Neue Autofabriken in Deutschland sind in den letzten Jahrzehnten nur im Osten nach der Wende gebaut worden. Ganz am anderen, westlichen Ende Deutschlands wurde gestern ein neues Werk eingeweiht: In Aachen wird der innovative batteriebetriebene Citycar „Ego Life“ auf die Räder gestellt – von einem aus der Rheinisch-Westfälischen Technischen Hochschule (RWTH) hervorgegangenen Unternehmen. Läuft alles so gut wie bisher, sollen es in wenigen Jahren 100 000 Elektroautos „Made in NRW“ sein.

2000 Arbeitsplätze im Jahr 2022 lautet das Wunschziel für das Unternehmen von Günther Schuh. Der auf Fahrzeugbau spezialisierte Professor an der RWTH wurde mit der Entwicklung des Streetscooter bekannt. Der kleine Elektro-Kastenwagen prägt inzwischen überall das städtische Straßenbild, wo er von der Post eingesetzt wird.

Ministerpräsident Armin Laschet, gebürtiger Aachener, und Professor Schuh kennen sich, nicht zuletzt aus gemeinsamen Tagen im Schattenkabinett des damaligen CDU-Ministerpräsidentenkandidaten Norbert Röttgen. „Erste Eröffnung eines Autowerks in NRW seit 1963“, sagte der angereiste Laschet und meinte die Einweihung des Bochumer Opel-Werks vor 55 Jahren, bei dessen traurigem Aus vor vier Jahren 3000 Arbeitsplätze verloren gingen.

Gebaut werden die neuen E-Autos im Stadtteil Rothe Erde. Das klingt so nostalgisch wie es sich schreibt. Und richtig: Die Schlacke vom bis 1926 aktiven Stahlstandort wurde auch zum Aschebelag des früheren Dortmunder Stadions Rote Erde zermahlen. Nach dem zweiten Weltkrieg baute Philips hier für ein halbes Jahrhundert Glühbirnen. Der nächste Strukturwandel bringt jetzt einen neuen Leuchtturm der Elektromobilität.

Kann wirklich ein erschwingliches Elektroauto mit teuren Batterien im Hochlohn-Deutschland realisiert werden? 15 900 Euro soll der günstigste kleine Viersitzer kosten, im Gegensatz zur Konkurrenz inklusive Akku. In Deutschland werden noch 4000 Euro Elektroautoprämie abgezogen. Davon ließen sich bislang 3000 Vorbesteller und Großkunden wie die Caritas überzeugen. Gut 1000 Privatkunden kamen zur Werkseröffnung und einer ersten Probefahrt.

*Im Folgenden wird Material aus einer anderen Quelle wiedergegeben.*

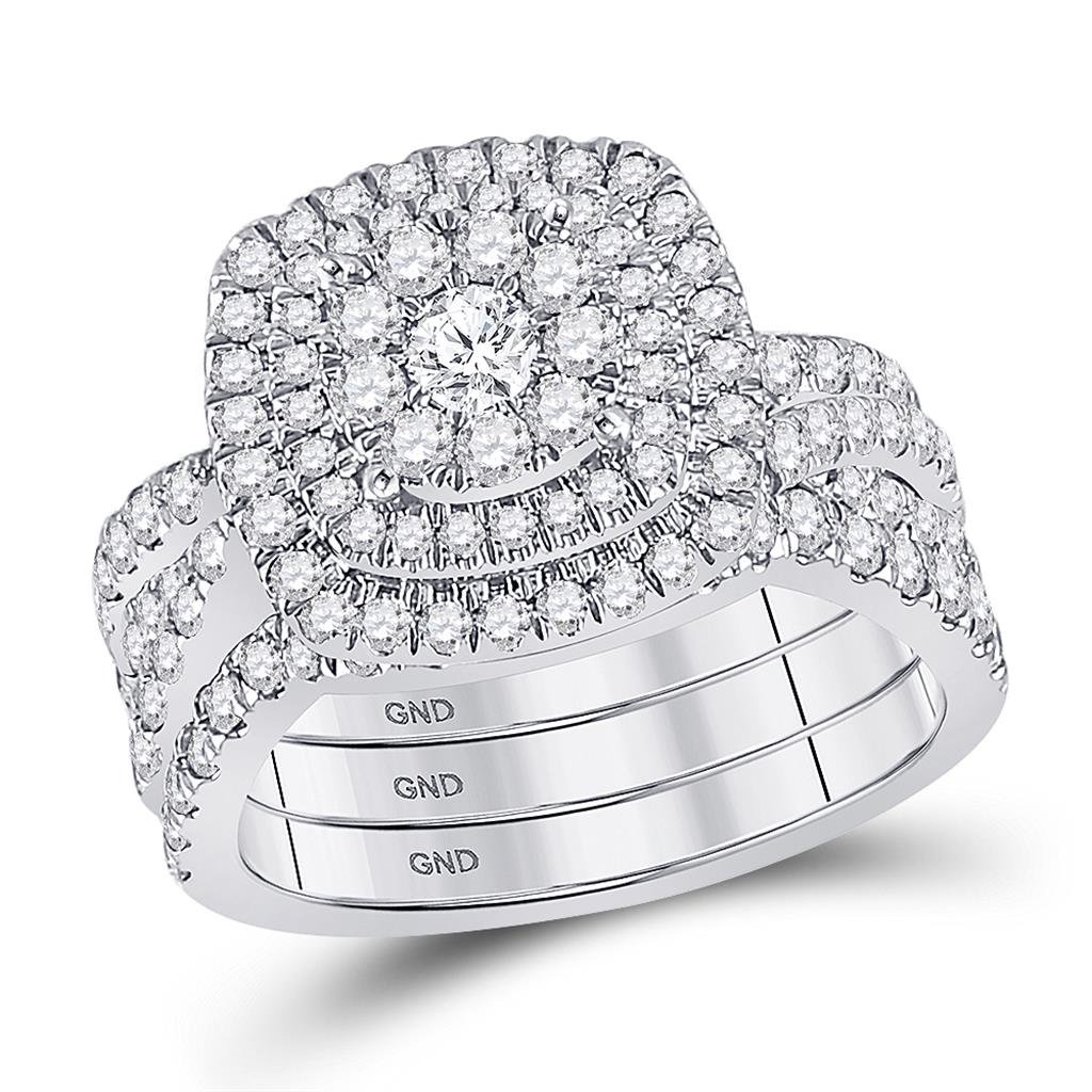 14k White Gold Round Diamond Bridal Wedding Ring Set 2 Cttw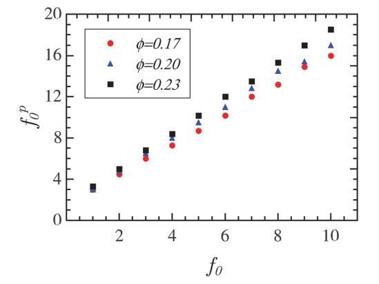 由于點偶極子模型的簡單性,值得尋找兩個模型之間的對應(yīng)關(guān)系。為此,我們確定了一組f0在三個不同面積分數(shù)下的有效相互作用強度f p0。對于感興趣的參數(shù)范圍,可以在圖10中看到f p0和f0之間的關(guān)系。該圖有助于選擇適當?shù)膄 p0,以便通過僅基于更簡單的點偶極子模型進行模擬來計算單層的結(jié)構(gòu)特性。或者,如果實驗對相關(guān)函數(shù)由點偶極子近似建模,則sffi ep的值可以使用根據(jù)該圖估計的相應(yīng)f0計算。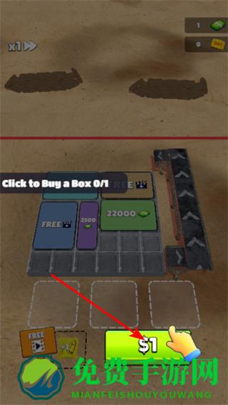 4、点击绿色的$1按钮购买箱子,完成“Click to Buy a Box0/1”任务,通过不断购买和布局箱子来推进游戏进程。

So wie Rentner Gerhard Lourenco. Seinem Diesel droht in Köln ein Fahrverbot, der Ego Life sei preiswert und er stelle sich eine Photovoltaikanlage zur hauseigenen Fahrstromversorgung aufs Dach. 3,35 Meter Auto reichen ihm.

Das Geheimnis des günstigen Preises: Radikale Verschlankung und Umsetzung im Rekordtempo. Schuh sagt: „Es gibt ein halbes Dutzend Maßnahmen, die anders sind als in der Automobilindustrie.“ Die wichtigsten: ein Rahmen aus Alu-Profilen, keine Lackierung, Außenhaut aus Kunststoff, deshalb keine Presswerkzeuge für Karosseriebleche, nur zwei Prozent der normalen Werkzeugkosten. „Wir sind die Industrie-4.0-Fabrik schlechthin“, so Schuh über die 47-Millionen-Euro-Investition in den Ego, mit drei Millionen vom Land gefördert, angeschoben durch den Verkauf des Streetscooter an die Post und in nur 15 Monaten hochgezogen. Die Baugenehmigung von der Stadt Aachen gab es nach vier Wochen.

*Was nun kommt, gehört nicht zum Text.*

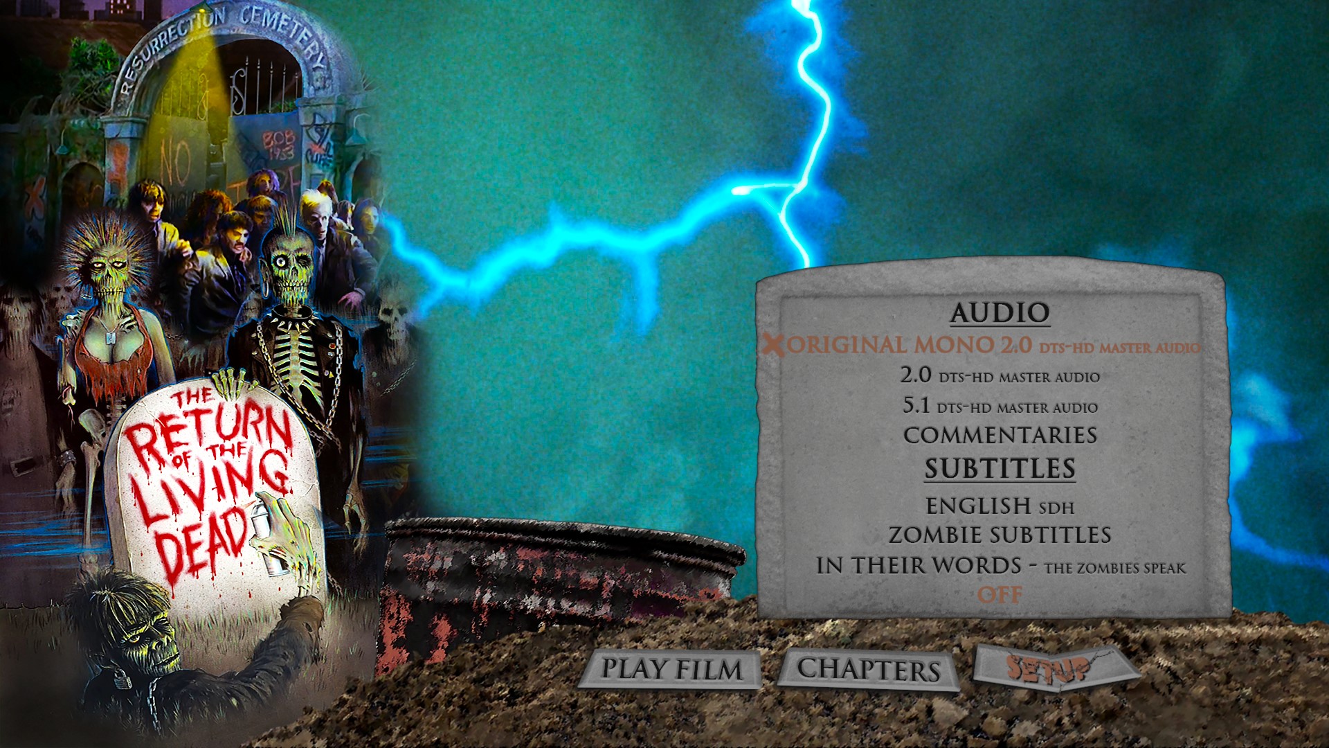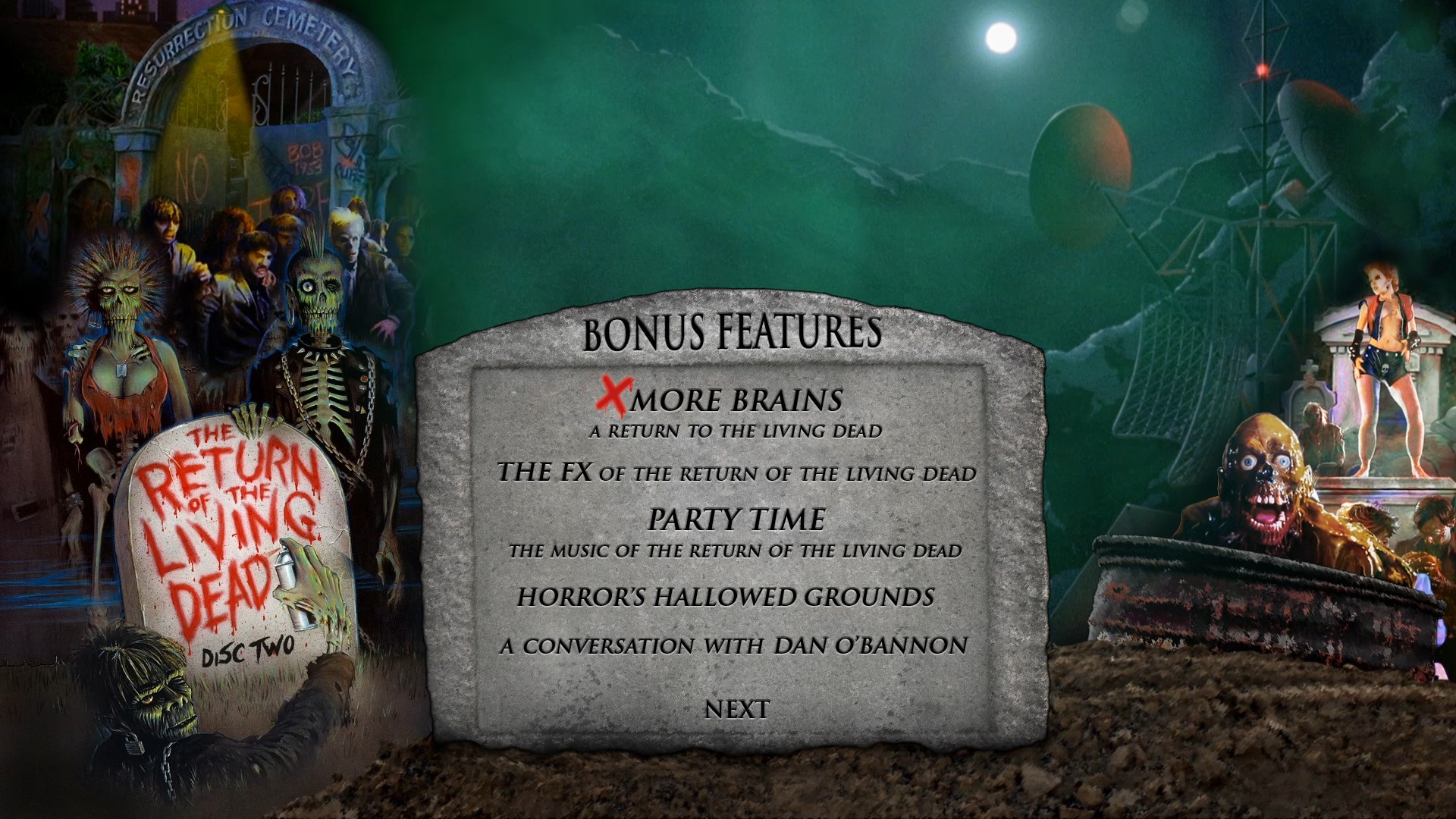 - The Return Of The Living Dead Workprint – Includes 20 minutes Of Additional Footage (480i; 1:48:05)

Nur 4,8 Prozent der Herstellungskosten seien Kosten für die Montage, also Gehälter. Das relativiert den Vorteil von Billiglohnländern. Und so sollen anfangs 155 nach Metalltarif bezahlte Mitarbeiter im Einschichtbetrieb 10 000 Ego im Jahr montieren. Zwei weitere Modelle, ein Kleinbus für den öffentlichen Nahverkehr (Mover), ein weiteres Pkw-Modell (Booster) sowie Mehrschichtbetrieb sollen die Stückzahl vervielfachen.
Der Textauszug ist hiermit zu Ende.